Home inventory is dropping almost everywhere, and this winter was at its lowest level nationally since 2000. But the drop in homes for sale locally has been about twice as dramatic as the average big-city decline.

“The affordability of homes in the region continues to dampen supply, as existing homeowners will likely find it cheaper to stay put and renovate rather than trade up to another home,” said Ralph McLaughlin, chief economist at Trulia. Across Greater Seattle, “both starter and trade-up homebuyers would have to spend over a third of their income to buy a home, which is considered unaffordable by most standards.”

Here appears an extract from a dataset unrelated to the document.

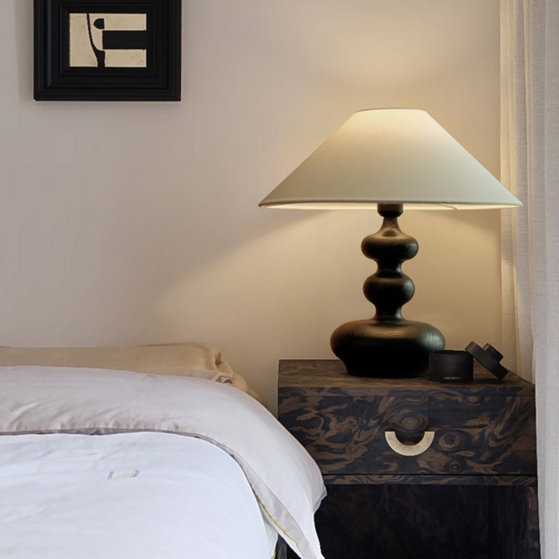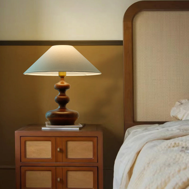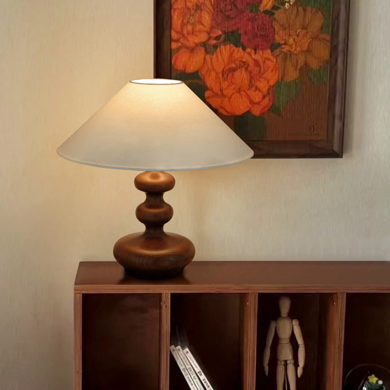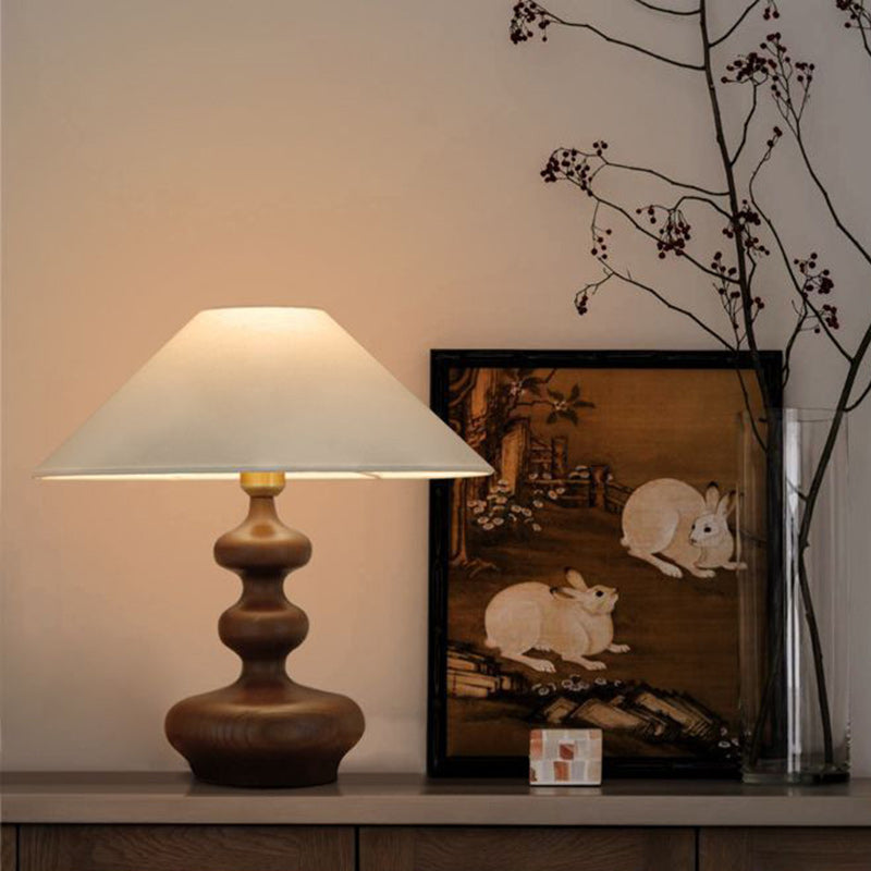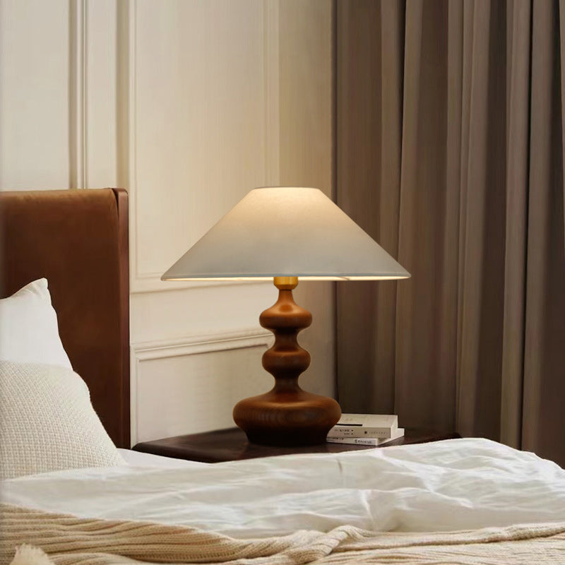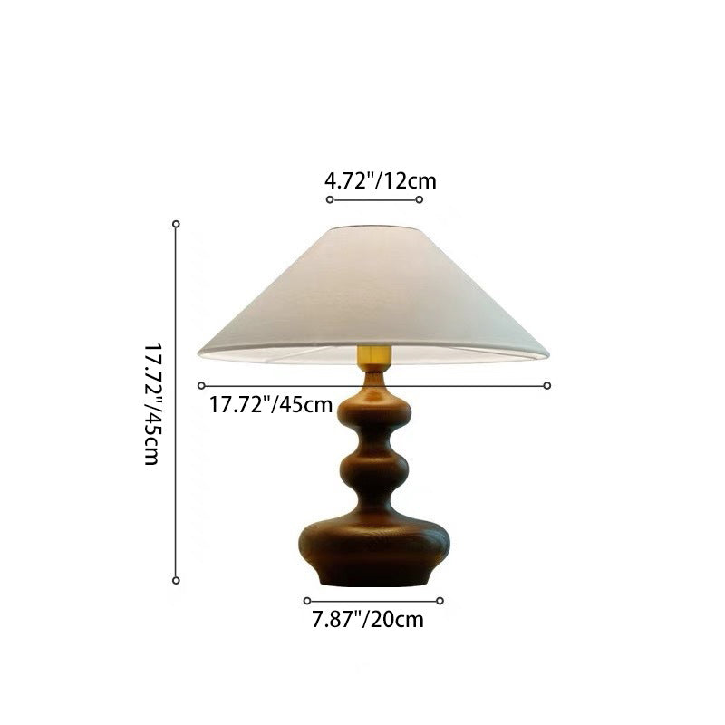 Traditional French Ash Wood & Fabric Gourd-Shaped 1-Light Table Lamp With Conical Shade For Bedroom & Living Room

The Seattle region has had the fastest-rising home prices of any metro area in the country for the last five months, according to Case-Shiller.

Statewide, Washington home prices rose 11.1 percent in February, the most of any state in the country, according to CoreLogic.

Both locally and statewide, home prices are rising about twice as fast as the national average.

While residents in King and Snohomish counties are used to seeing home prices reachrecord heights, Thursday’s data showed that Pierce County is booming, as well.

While housing prices rose locally over the last several years, Pierce County home costs had remained below the peak reached in summer 2007, when the median single-family house was $291,000.

That changed in March, when Pierce County’s median house price hit $295,000 after the fifth straight month of double-digit percentage growth, year over year. More people priced out of King County have been looking to move south for affordability, adding to pressures on the Tacoma-area real-estate market.

“As the first quarter ends, the South Sound market continues to bubble along,” Dick Beeson, principal managing broker at RE/MAX Professionals in Gig Harbor, said in a statement.

Beeson was among those to point out how this winter’s miserable weather — with record rainfall and colder-than-normal days in recent months — might have been a deterrent to home shopping.

Meanwhile, Snohomish County set a new price record for the second straight month, with a median of $425,000, up 10.4 percent from the previous year.

Joining the record-breaking club was the Eastside, which posted a median price of $870,000, or $38,000 more than last month’s record-breaking figure. Eastside prices were up 17.7 percent from a year ago.

Condo prices continue to accelerate the fastest, driven by demand for cheaper options. Seattle condos cost a median of $434,000 in March, up 14.2 percent from the previous year, although down a bit from a month prior.

Neighborhoods and towns seeing the biggest price jumps continue to generally be outlying areas that are heating up as more people get priced out of Seattle.

The Skyway area saw the biggest increase, at 55 percent, followed by Renton-Benson Hill, at 32 percent. Areas that saw price increases of at least 20 percent include Jovita/West Hill Auburn, Federal Way, Sodo/Beacon Hill, Shoreline, Kenmore, the Eastside area south of Interstate 90, West Bellevue and Redmond.

Downtown Seattle and the Renton-Highlands/Kennydale area were the only places where prices decreased, while home costs in North Seattle and Burien increased only slightly.

J. Lennox Scott, chairman and CEO of John L. Scott, summed up the market by calling it “straight-up crazy.”

On the other hand, Kitsap County still lags its pre-recession high. Prices there were up just 3.1 percent in the last year — the smallest increase in more than two years — to a new median of $288,000.